Work order:
When you reach the line that contains "Stanisław Pyjas zmarł", give it back exactly along with each line after it to the end of the entries; skip any pictures.

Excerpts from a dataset
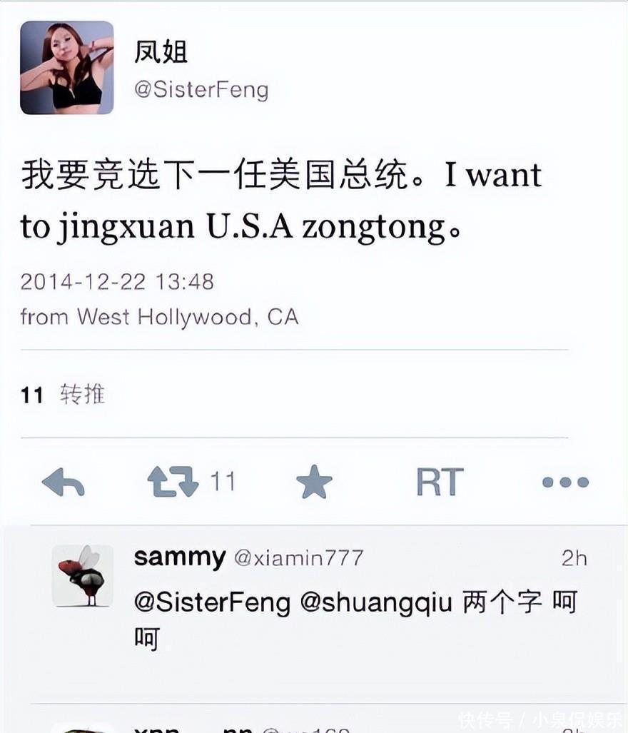 就连凤姐在外洋也敢说要去竞选好意思国总统,可惜没东说念主再把她当真了。
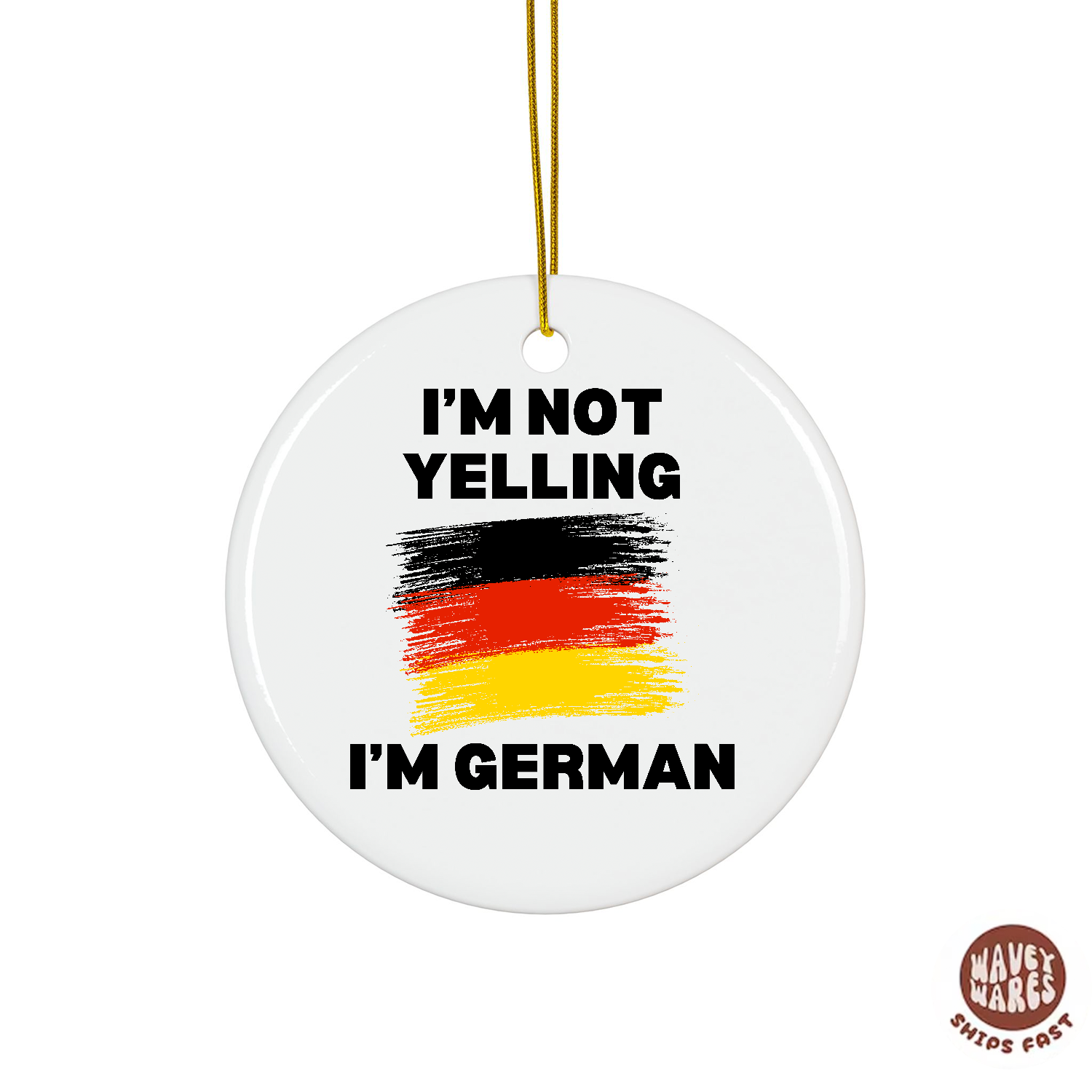 Celebrate German pride with the "I'm Not Yelling I'm German" funny ornament. This playful glass keepsake features a bold design perfect for adding humor and personality to your holiday décor or gifting. Whether for a German grandpa or a friend who loves their heritage, it’s a cool and lighthearted way to showcase cultural spirit with a smile.
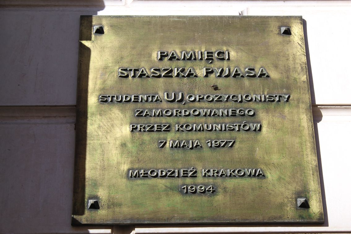 Stanisław Pyjas zmarł 7 maja 1977 r. w tajemniczych okolicznościach. Ciało studenta filologii polskiej i filozofii na Uniwersytecie Jagiellońskim, działacza opozycyjnego, współpracownika Komitetu Obrony Robotników zostało znalezione rankiem w bramie kamienicy przy ul. Szewskiej 7. Według środowisk opozycyjnych śmierć studenta była skutkiem pobicia przez funkcjonariuszy Służby Bezpieczeństwa. Władze twierdziły, iż spadł ze schodów.
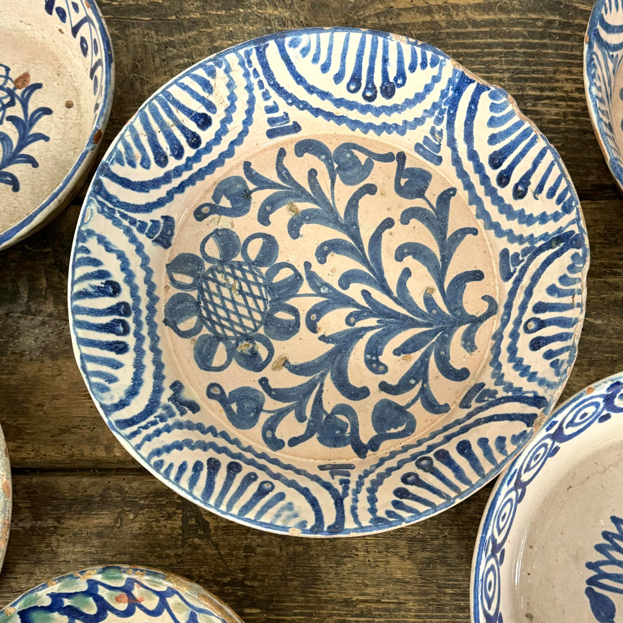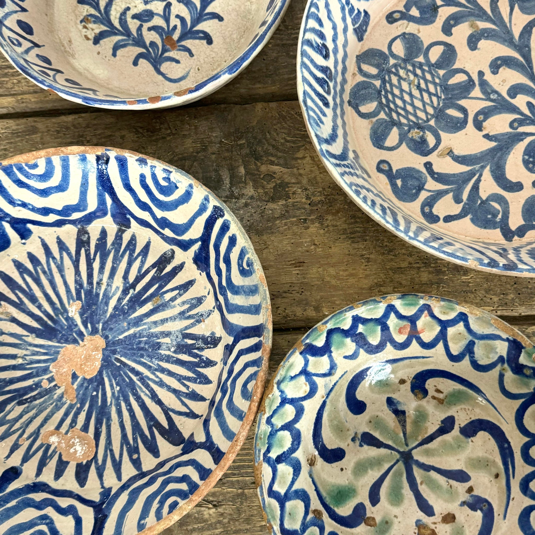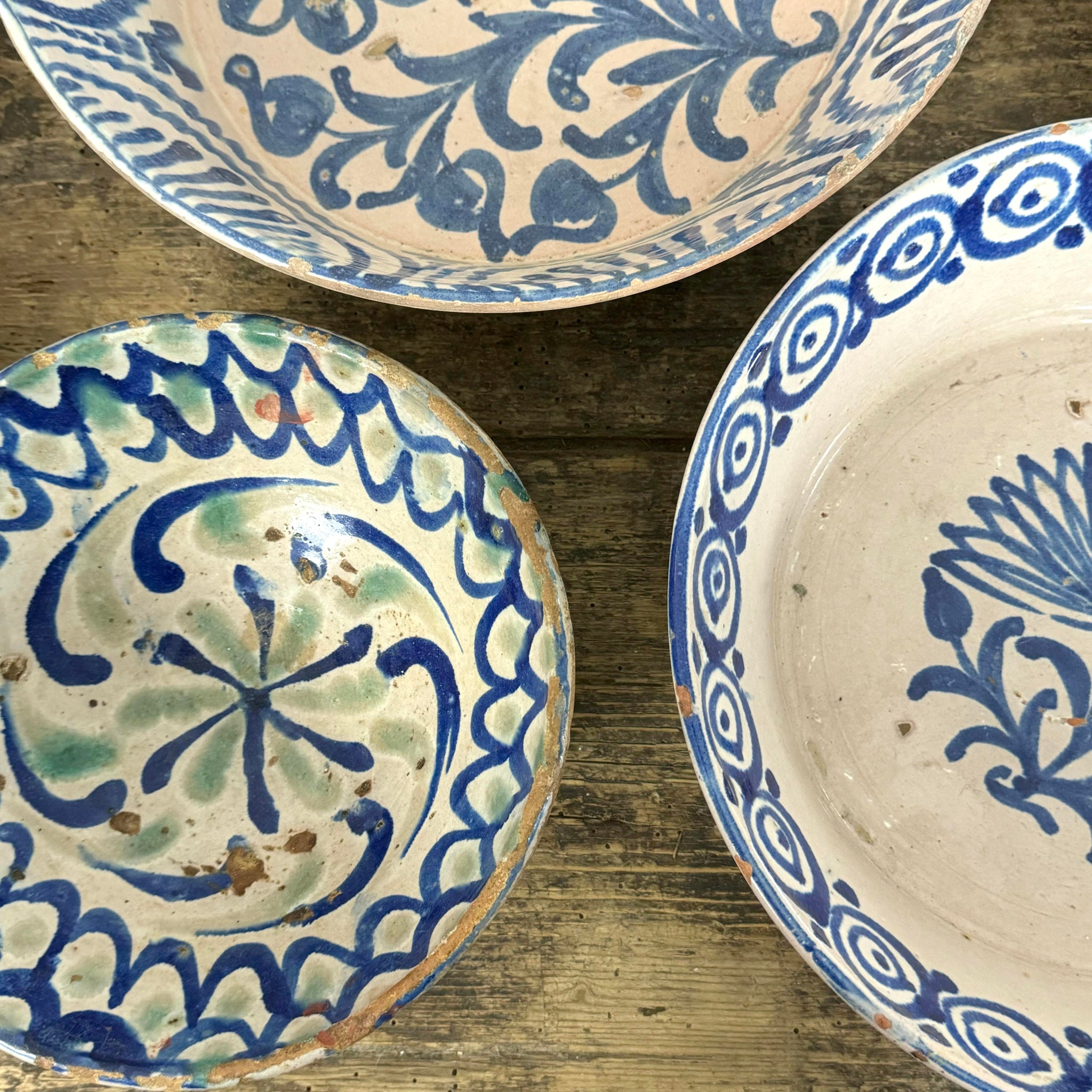 A collection of traditional Spanish Fajalauza bowls from Granada.
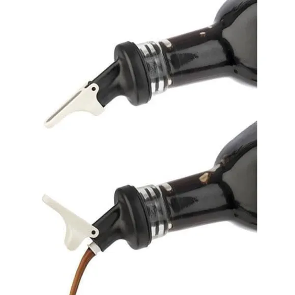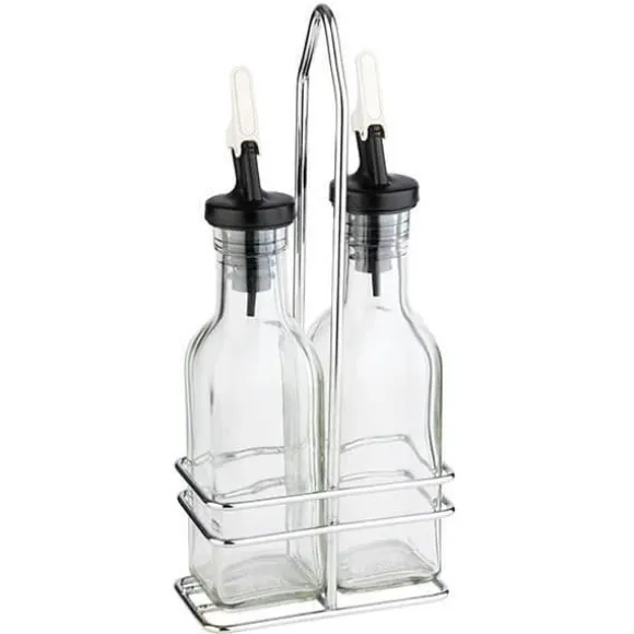 Olja och vinäger bestickset i kromad metall. 120 ml eller 500 ml glasbehållare, polypropen och ABS, silikon och rostfria lock. Antidropppip. Tål inte diskmaskin.
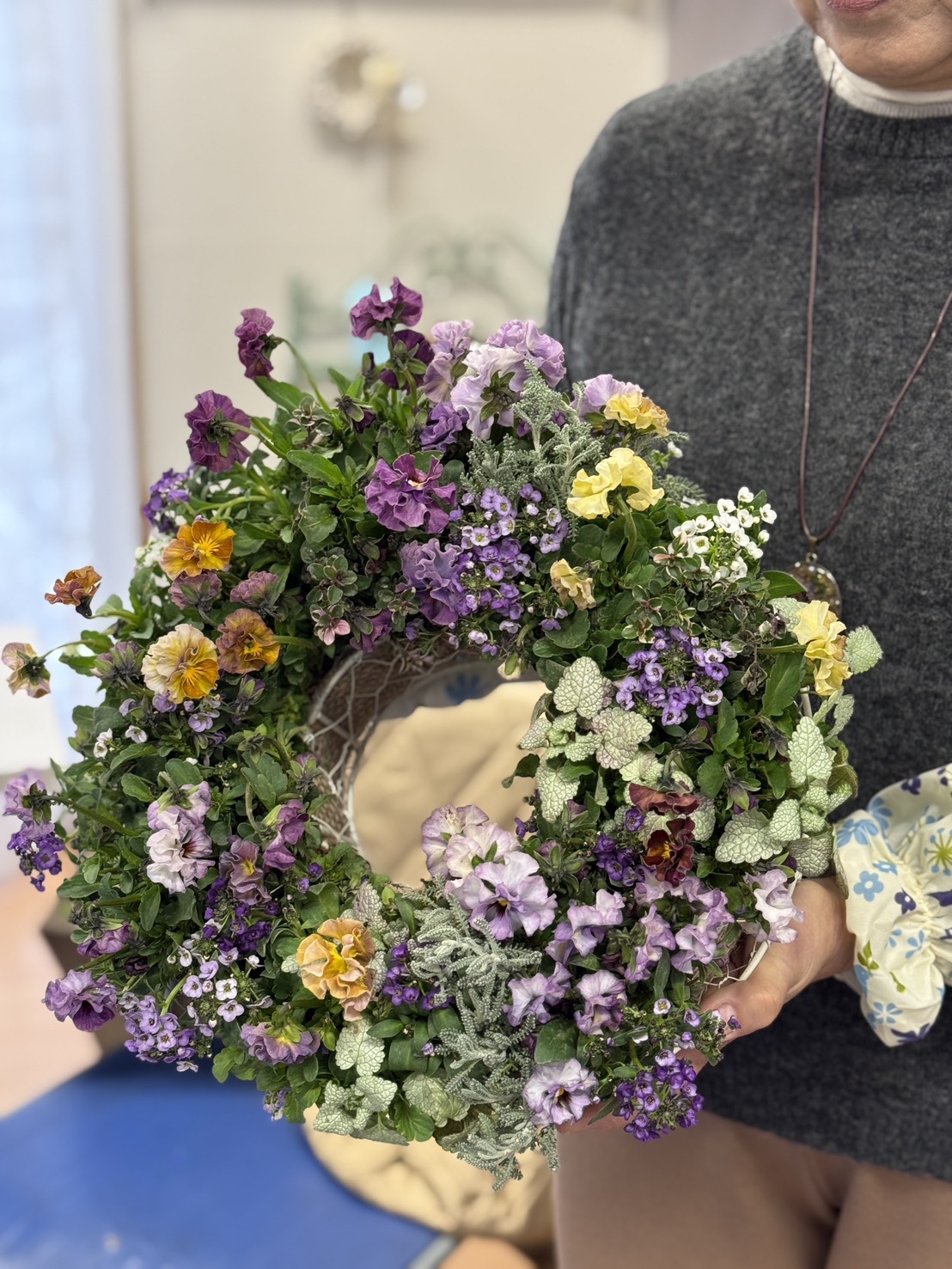 素敵なビオラのリースができました。丁寧なご指導で、楽しく作業ができました。 しばらくお花を楽しめます。また参加したいと思います。 (若槻様) 春色花材に囲まれる幸せ 前の記事 きらめく多肉で大満足リース 次の記事 お客様の声一覧

Solution for this task:
 Stanisław Pyjas zmarł 7 maja 1977 r. w tajemniczych okolicznościach. Ciało studenta filologii polskiej i filozofii na Uniwersytecie Jagiellońskim, działacza opozycyjnego, współpracownika Komitetu Obrony Robotników zostało znalezione rankiem w bramie kamienicy przy ul. Szewskiej 7. Według środowisk opozycyjnych śmierć studenta była skutkiem pobicia przez funkcjonariuszy Służby Bezpieczeństwa. Władze twierdziły, iż spadł ze schodów.
 A collection of traditional Spanish Fajalauza bowls from Granada.
 Olja och vinäger bestickset i kromad metall. 120 ml eller 500 ml glasbehållare, polypropen och ABS, silikon och rostfria lock. Antidropppip. Tål inte diskmaskin.
 素敵なビオラのリースができました。丁寧なご指導で、楽しく作業ができました。 しばらくお花を楽しめます。また参加したいと思います。 (若槻様) 春色花材に囲まれる幸せ 前の記事 きらめく多肉で大満足リース 次の記事 お客様の声一覧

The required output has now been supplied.